Intel recently announced that High-Bandwidth Memory (HBM) will be available on select “Sapphire Rapids” Xeon SP processors and will provide the CPU backbone for the “Aurora” exascale supercomputer to be sited at Argonne National Laboratory.
Paired with Intel’s Xe HPC (codenamed “Ponte Vecchio”) compute GPUs running in a unified CPU/GPU memory environment, Aurora will deliver more than an exaflop/sec of double-precision performance. Realizing or exceeding an exaflop/sec performance metric using 64-bit data operands means programmers don’t have to take shortcuts or accept precision compromises by using reduced-precision arithmetic. It does mean that the memory system has to deliver data far more rapidly than previous generations of processors. Along with HBM for AI and data intensive applications, the Sapphire Rapids Xeon SPs also implement the Advanced Matrix Extensions (AMX), which leverages the 64-bit programming paradigm to speed tile operations and gives programmers the option of using matrix reduced-precision operations for convolutional neural networks and other applications.
Maintaining sufficient bandwidth to support 64-bit exascale supercomputing in an accelerated, unified memory computing environment is a significant achievement that is cause for serious excitement and raises expectations in both the enterprise and HPC communities. The unified memory environment means, as Argonne: “Programming techniques already in use on current systems will apply directly to Aurora.” By extension, institutional, enterprise and cloud datacenters will be able to design highly optimized systems using next generation Intel Xeon SPs for simulation, machine learning, and high performance data analytic workloads (or succinctly HPC-AI-HPDA) using applications written to run on existing systems.
Rick Stevens, associate laboratory director of computing for environment and life sciences at Argonne National Laboratory, codifies the significance of the achievement and need for HBM when he writes: “Achieving results at exascale requires the rapid access and processing of massive amounts of data. Integrating high-bandwidth memory into Intel Xeon Scalable processors will significantly boost Aurora’s memory bandwidth and enable us to leverage the power of artificial intelligence and data analytics to perform advanced simulations and 3D modeling.”
Why Is HBM Important
It has been known for a number of years that the ability of modern processors and GPUs to deliver flops has been rapidly outpacing the ability of memory systems to deliver bytes/sec. John McCalpin, the author of the well-known STREAM benchmark, noted in his SC16 invited talk Memory Bandwidth and System Balance in HPC Systems that peak flop/sec per socket was increasing by 50 percent to 60 percent per year while memory bandwidth has only been increasing by approximately 23 percent per year. He illustrated this trend with the following graph, where he charted the flops to memory bandwidth balance ratio of commercially successful systems with good memory performance relative to their competitors since 1990. Computer vendors are aware of the memory bandwidth problem and have been adding more memory channels and using faster memory DIMMs.

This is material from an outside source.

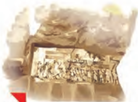
این، تصویری از بیستونِ کرمانشاه است.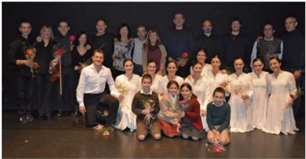
Hiru garren antzezpeneren ondoren pozarren agertu ziren taldekide guztiak.

HBM devices reflect an alternative approach that utilizes 3D manufacturing technology to create stacks of DRAM chips built on top of a wide bus interface. An HBM2e device, for example, connects the DRAM stack to the processor through a bus interface of 1,024 bits. This wide data interface and associated command and address requires that the DRAM be built on top of a silicon interposer that essentially “wires” up the approximately 1,700 lines required for the HBM read/write transactions. The silicon approach is necessary as it is impractical to create such a large number of lines using printed circuit board (PCB) technology.

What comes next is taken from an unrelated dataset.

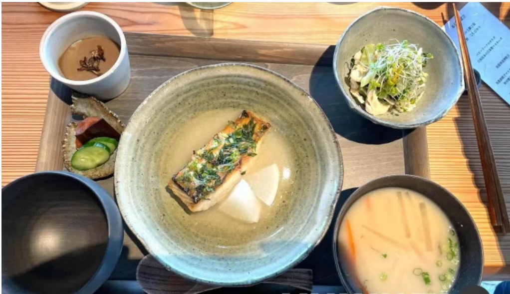
Apero patisserie acoya 最新

The result is a huge jump in memory bandwidth and a significant savings in power over DDR memory systems. EEWeb notes that “a single HBM2e device consumes almost half the power as for a GDDR6 solution.” It concludes, “HBM2e gives you the same or higher bandwidth than GDDR6 and similar capacity, but power consumption is almost half, while TOPS/W are doubled.” The TOPS or Tera Operations Per Second is a measure of the maximum achievable throughput given the bandwidth of the memory device. It is used to evaluate the best throughput for the money for an application such as neural networks and data intensive AI applications.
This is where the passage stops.